I guess my reason for writing this is to bring people’s attention to the meaning of Bushcraft/woodscraft/woods lore, to get them to think about it so they don’t rebuke someone out of hand for posting a non bushcraft topic without seriously thinking about it. Had I been a new member and posted such a video, then I agree my motives may have been in question, but I have over 140 posts under my belt on that forum and the feedback from those posts are always encouraging.


To quote Horace Kephart: “As Richard Harding Davis says, " The same article that one declares is the most essential to his comfort, health, and happiness is the very first thing that another will throw into the trail.
A man's outfit is a matter which seems to touch his private honour. I have heard veterans sitting around a camp-fire proclaim the superiority of their kits with a jealousy, loyalty, and enthusiasm they would not exhibit for the flesh of their flesh and the bone of their bone.
 On a campaign you may attack a man's courage, the flag he serves, the newspaper for which he works, his intelligence, or his camp manners, and he will Ignore you ; but If you criticise his patent water-bottle he will fall upon you with both fists."
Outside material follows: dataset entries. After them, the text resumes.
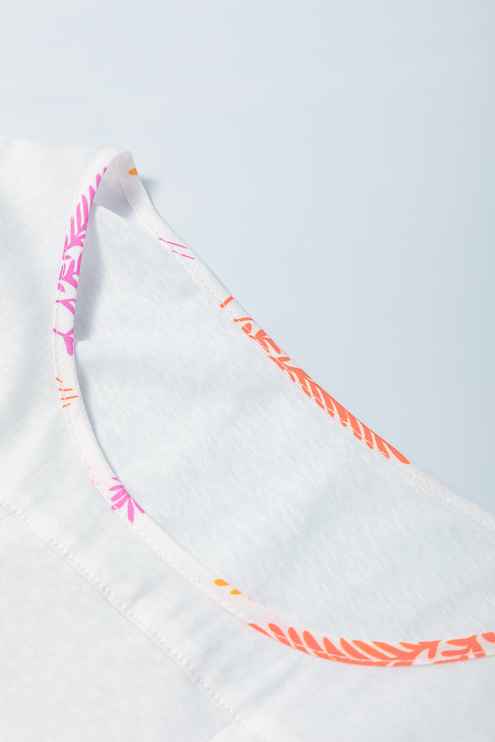 White Tropical Leaf Printed Patchwork Sleeve Round Neck Top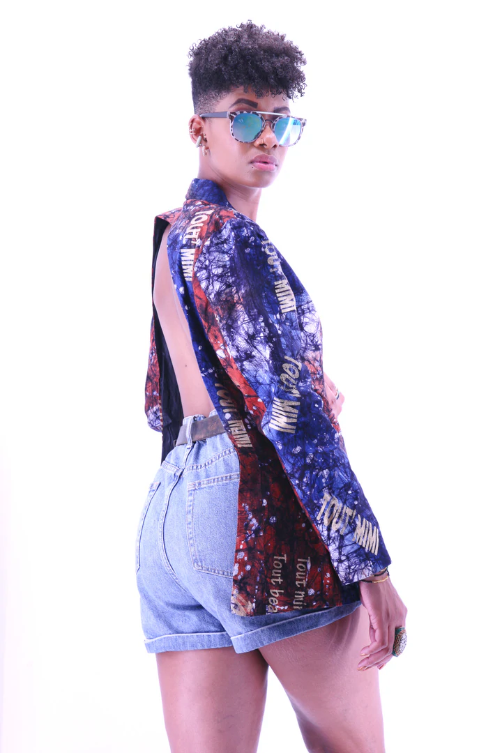 Frais, sexy, chic, et ultra originale, cette veste à dos nu en tissu batik ,dans son style unique saura conquérir la plus futée des modeuses !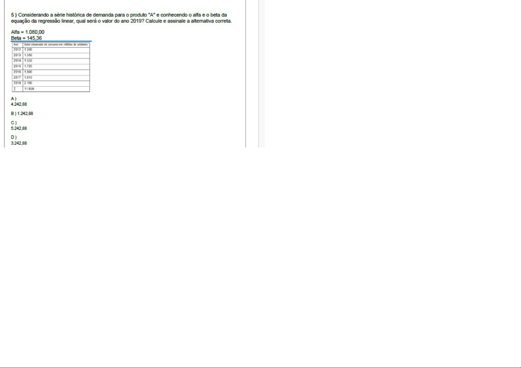 5) Considerando a série histórica de demanda para o produto "A" e conhecendo o alfa e beta da equação da regressão linear, qual será o valor do ano 2019? Calcule e assinale a correta. Alfa = 1.080,00 Beta = 145,36 de en de 2012 2013 1,350 2014 2015 1.720 2016 2017 2018 E 11.630 A) 4.242,88 B) 1.242,88 C) 5.242,88 D) 3.242,88

Maybe that is how I feel at present, I am being criticised for my choice of bushcraft material, and not only that but my post was removed from the site.
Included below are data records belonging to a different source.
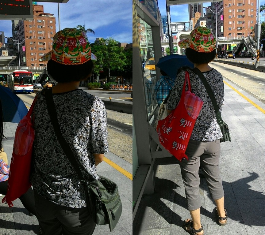 鄉民kise7ryota在PTT上分享這組照片,並說自己一大早頂著大太陽走到公車站等車,沒想到竟看到眼前一名女子竟「把純喫茶的盒子做成帽子」,讓他直誇「實在是太有才、手太巧了!!!小魯佩服的五體投地Orz」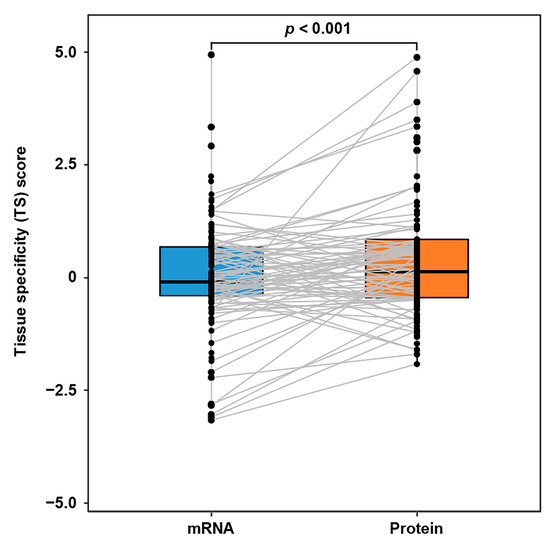 2.2. Proteomic and Transcriptomic Profiles and Tissue Specificity Score Calculation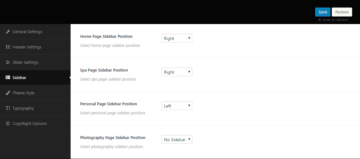 Sidebar: Select Options for Right sidebar, Lft Sidebar, No-Sidebar position.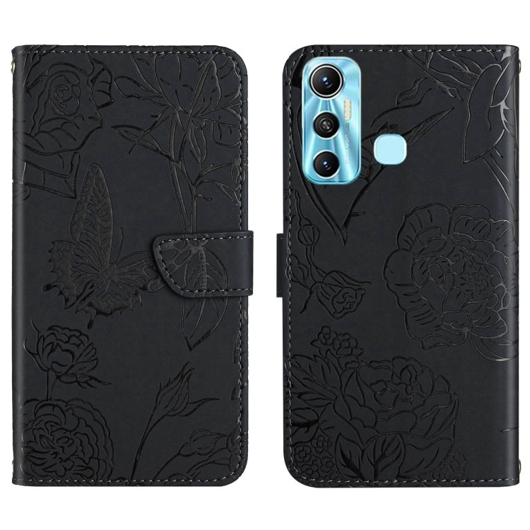 Funda de Cuero para Infinix Hot 11 Ht03 Skin Feel Butterfly con Tapa en Relieve (Negro)
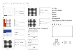 Fractions and Decimals Tenths and Hundredths Worksheet for ...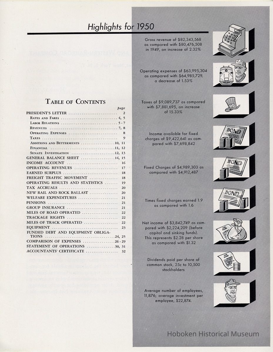 Display Value: Good Notes: 2012.001.0048 D.L. & W. R.R. 99th Annual Report, for 1950. Table of Contents PRESIDENT'S LETTER 2 Rates and Fares 4, 5 Labor Relations 5-7 Revenues .......... 7 Operating Expenses 8 Taxes 9 Additions and Betterments..................10, 11 Financial ..................................11, 12 Senate Investigation .......................12, 13 GENERAL BALANCE SHEET ..................14, 15 INCOME ACCOUNT ........................... 16 OPERATING REVENUES ....................... 17 EARNED SURPLUS ............................. 18 FREIGHT TRAFFIC MOVEMENT . . ............ 18 OPERATING RESULTS AND STATISTICS ....... 19 TAX ACCRUALS ............................... 20 NEW RAIL AND ROCK BALLAST............... 20 WELFARE EXPENDITURES ..................... 21 PENSIONS ..................................... 21 GROUP INSURANCE ....................... .. . 21 MILES OF ROAD OPERATED ................... 22 TRACKAGE RIGHTS ........................... 22 MILES OF TRACK OPERATED .................. 22 EQUIPMENT ................................... 23 FUNDED DEBT AND EQUIPMENT OBLIGATIONS .....................................24, 25 COMPARISON OF EXPENSES .................26-29 STATEMENT OF OPERATIONS ...............30, 31 ACCOUNTANTS' CERTIFICATE................. 32 ----- Highlights of 1950 Gross revenue of $82,343,568 as compared with $80,476,508 in 1949, an increase of 2.32% Operating expenses of $63,995,304 as compared with $64,985729, a decrease of 1.53% Taxes of $9,089,737 as compared with $7,881,695, an increase of 15.33% Income available for fixed charges of $9,422,641 as compared with $7,698,842 Fixed Charges of $4,989,303 as compared with $4,912,487 Times fixed charges earned 1.9 as compared with 1.6 Net income of $3,842,749 as compared with $2,224,209 (before capital and sinking funds). This represents $2.28 per share as compared with $1.32 Dividends paid per share of common stock, 25c to 10,500 stockholders Average number of employees, 11,876; average investment per employee, $22,874. Status: OK Status By: dw Status Date: 2012-06-15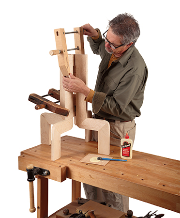 You can now go back and take the lower leg subassemblies out of their clamps and mark and cut the joints that will allow you to glue the upper leg pieces to the glue-ups. When that is done, glue the upper leg sections in place and set them aside until the glue is dry.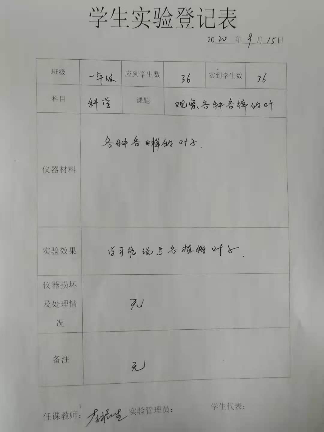 实验登记表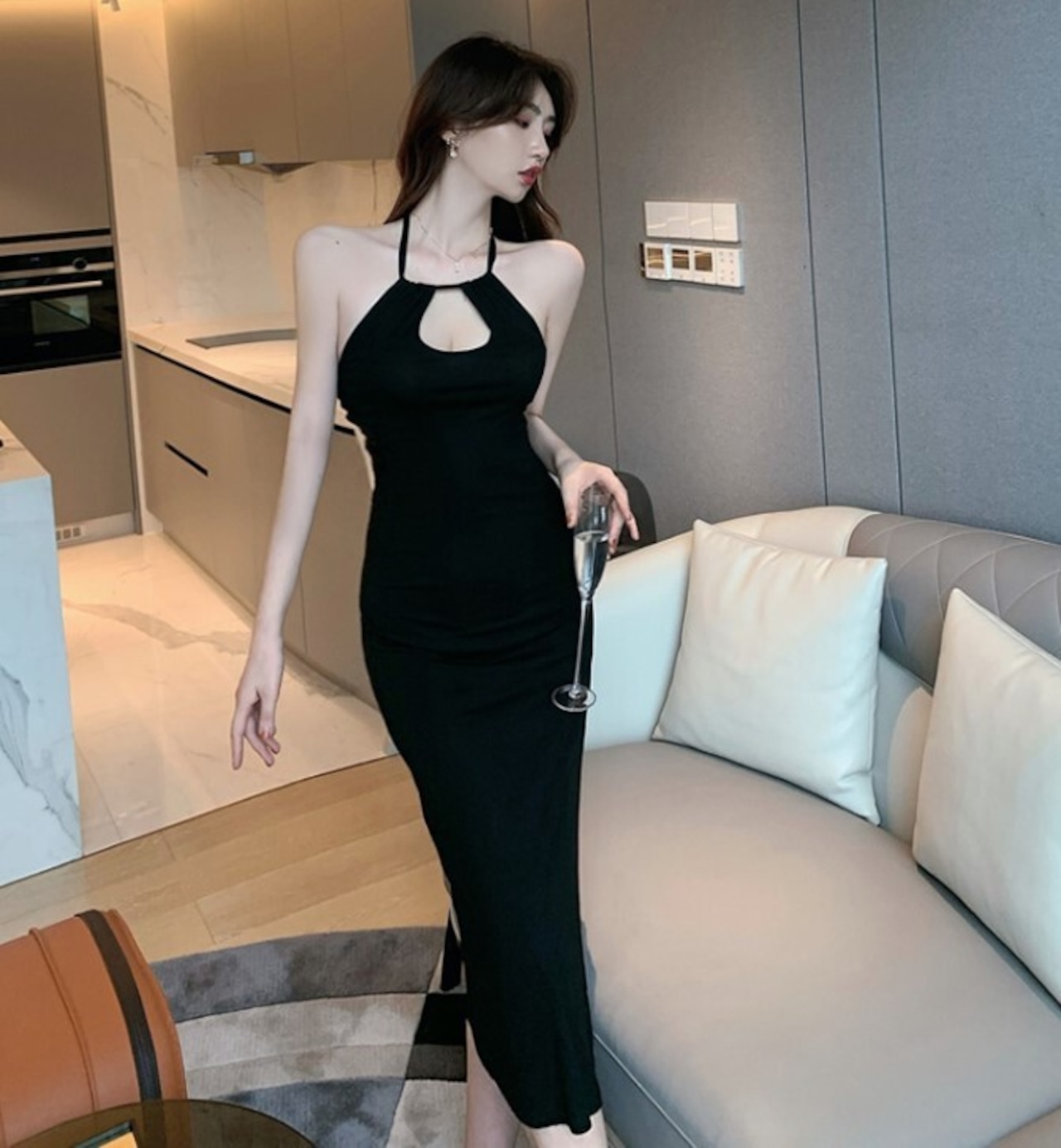ワンピース ワンピースドレス タイトワンピ ホルターネック バックオープン レディース セクシー ひざ丈 無地 シック ab2496

I think to be fair the most I could be accused of is being proud of my son’s efforts in producing this video, and I wanting to share it, I don’t really think it is fair to accuse me of feathering my own nest at the expense of someone else’s forum.

7 comments:

Gorges Smythe said...

The world is full of petty little Napoleons; don't let them get you down. I have no use for folks who try to force their elitism on others, and if I were you, I'd never submit anything to them again.
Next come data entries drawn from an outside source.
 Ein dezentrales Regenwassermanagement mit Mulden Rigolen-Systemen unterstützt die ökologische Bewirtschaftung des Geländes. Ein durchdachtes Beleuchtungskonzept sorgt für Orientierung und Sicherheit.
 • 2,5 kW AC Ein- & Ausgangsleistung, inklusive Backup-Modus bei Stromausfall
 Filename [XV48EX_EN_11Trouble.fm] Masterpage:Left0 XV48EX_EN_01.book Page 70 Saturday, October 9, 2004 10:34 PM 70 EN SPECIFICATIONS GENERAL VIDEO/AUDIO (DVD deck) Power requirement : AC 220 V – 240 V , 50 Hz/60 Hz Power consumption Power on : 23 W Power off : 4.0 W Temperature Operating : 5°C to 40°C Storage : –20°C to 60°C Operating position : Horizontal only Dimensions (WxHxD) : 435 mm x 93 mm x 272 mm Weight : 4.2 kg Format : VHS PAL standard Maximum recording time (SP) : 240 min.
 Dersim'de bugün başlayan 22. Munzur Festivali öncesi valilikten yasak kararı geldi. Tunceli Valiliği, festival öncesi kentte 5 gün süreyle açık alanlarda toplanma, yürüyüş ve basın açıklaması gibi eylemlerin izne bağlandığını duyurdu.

In this country, I've seen some flyfishermen, bowhunters, muzzleloading hunters and others be such elitists that they literally turned people off from their sport. Sadly, I think that's partly what they want, so that they can feel "special" Such behavior is usually the mark of insecure people with low self-esteem.

Le Loup said...

Gorges there are several people that follow my blog that make regular comments whos opinions I respect above all, and you are one of them. I must admit when your reply came up on my email I was a little nervous about reading it, because I was afraid that you may have thought I was wrong. If that had been the case then I would have to go back and apologise!!!
Thank you.
Regards.

Bob Mc said...

Fads, or the words or terms used to describe them, come and go. Bushcraft is a term that is relatively new to me. I never heard of it until a few short months ago. Never mind that I have been practicing it since I was very young; pre Boy Scout days. Or at least I think I have. We used to call it woods lore. LOL. Don’t let it get under your skin Keith. From what I have seen on the bush craft sites, most people make a big thing out of reviewing gear instead of putting it to actual use. After all, how many times can you read or watch a video about how to make a wood burning stove out of a tin can? After awhile it gets pretty old. Keep on doing what you are doing Keith. You have more knowledge stored away in your brain box, as well as practical experience, than most of the guys who proclaim themselves to be experts.

Le Loup said...

Thank you Bob, your opinion and comments are very much appreciated and respected.

BW8971 said...

Was it the Woodlife Site that rebuked your video ?

Le Loup said...

No BW8971 it was NOT Woodlife. If Pablo had not liked my video he would have been far more polite about it.
With the risk of it sounding "big headed", I think this was a case of pure jealousy. I thought I had been picking up vibes in the site owners replies to my posts for some time, a holding back on comments.
I think Gorges take on this one was correct.

Some old guy said...

I believe I know the forum you mean, and there are indeed many petty games played there, which is unfortunate as there is good information there as well. Also, politeness is not rampant here in America, I'm afraid.